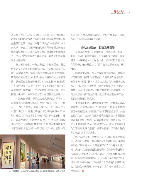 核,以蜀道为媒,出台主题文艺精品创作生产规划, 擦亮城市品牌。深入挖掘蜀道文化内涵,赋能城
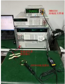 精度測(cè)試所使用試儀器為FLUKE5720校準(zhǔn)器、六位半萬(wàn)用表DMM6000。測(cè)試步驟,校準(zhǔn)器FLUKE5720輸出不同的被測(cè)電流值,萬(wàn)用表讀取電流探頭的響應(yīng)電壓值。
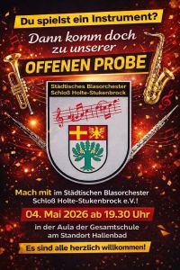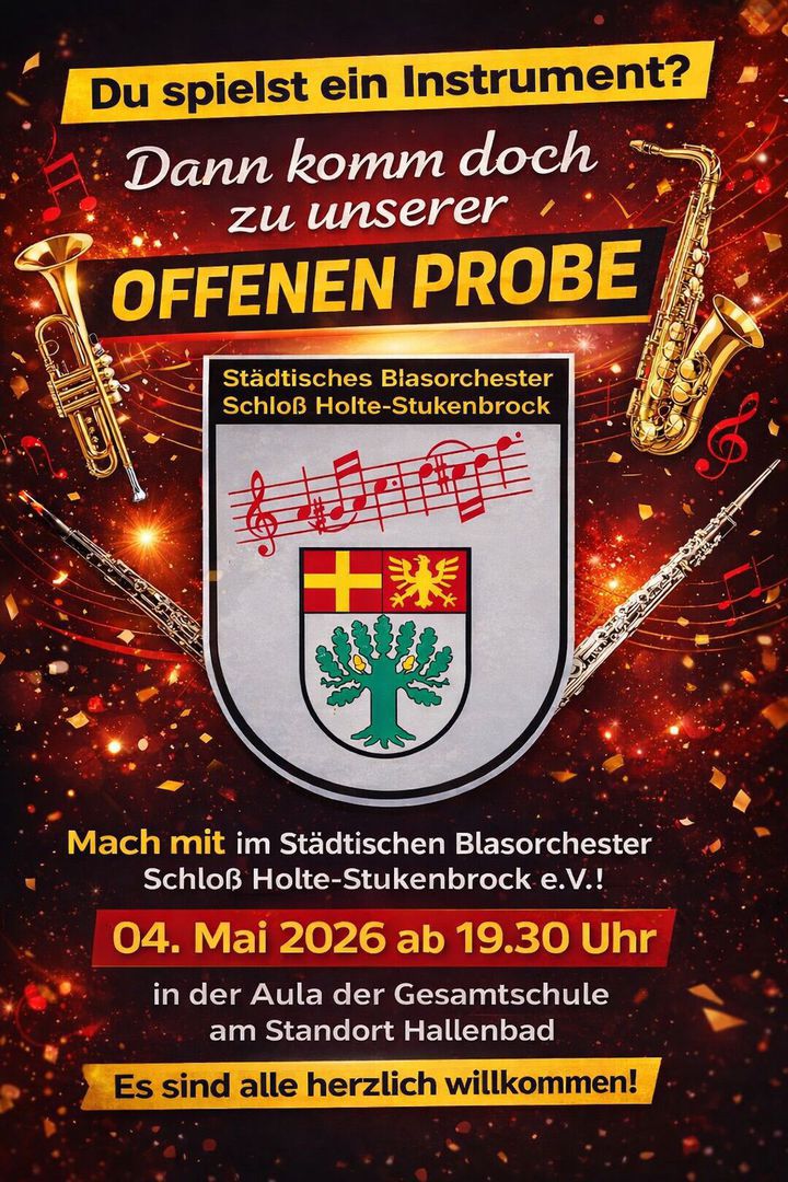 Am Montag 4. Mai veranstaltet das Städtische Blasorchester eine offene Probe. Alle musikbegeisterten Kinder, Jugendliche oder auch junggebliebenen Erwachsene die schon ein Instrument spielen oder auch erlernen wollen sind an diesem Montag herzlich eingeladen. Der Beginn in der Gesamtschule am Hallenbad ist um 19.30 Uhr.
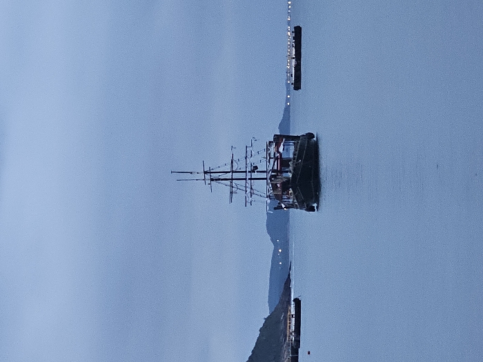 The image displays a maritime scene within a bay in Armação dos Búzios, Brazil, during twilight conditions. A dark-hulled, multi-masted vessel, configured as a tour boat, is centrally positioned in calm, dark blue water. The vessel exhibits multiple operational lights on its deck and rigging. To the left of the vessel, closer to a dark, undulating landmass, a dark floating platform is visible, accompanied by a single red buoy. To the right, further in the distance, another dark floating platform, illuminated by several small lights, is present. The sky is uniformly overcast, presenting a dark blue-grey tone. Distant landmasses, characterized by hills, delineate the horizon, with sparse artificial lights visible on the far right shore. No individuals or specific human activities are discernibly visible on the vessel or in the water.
■ ■ ■ ■ ■ ■ ■
Set the lines above down again, word for word, from the first through the one containing "精度測(cè)試所使用試儀器"; pictures excluded.

* Response below
 核,以蜀道为媒,出台主题文艺精品创作生产规划, 擦亮城市品牌。深入挖掘蜀道文化内涵,赋能城
 精度測(cè)試所使用試儀器為FLUKE5720校準(zhǔn)器、六位半萬(wàn)用表DMM6000。測(cè)試步驟,校準(zhǔn)器FLUKE5720輸出不同的被測(cè)電流值,萬(wàn)用表讀取電流探頭的響應(yīng)電壓值。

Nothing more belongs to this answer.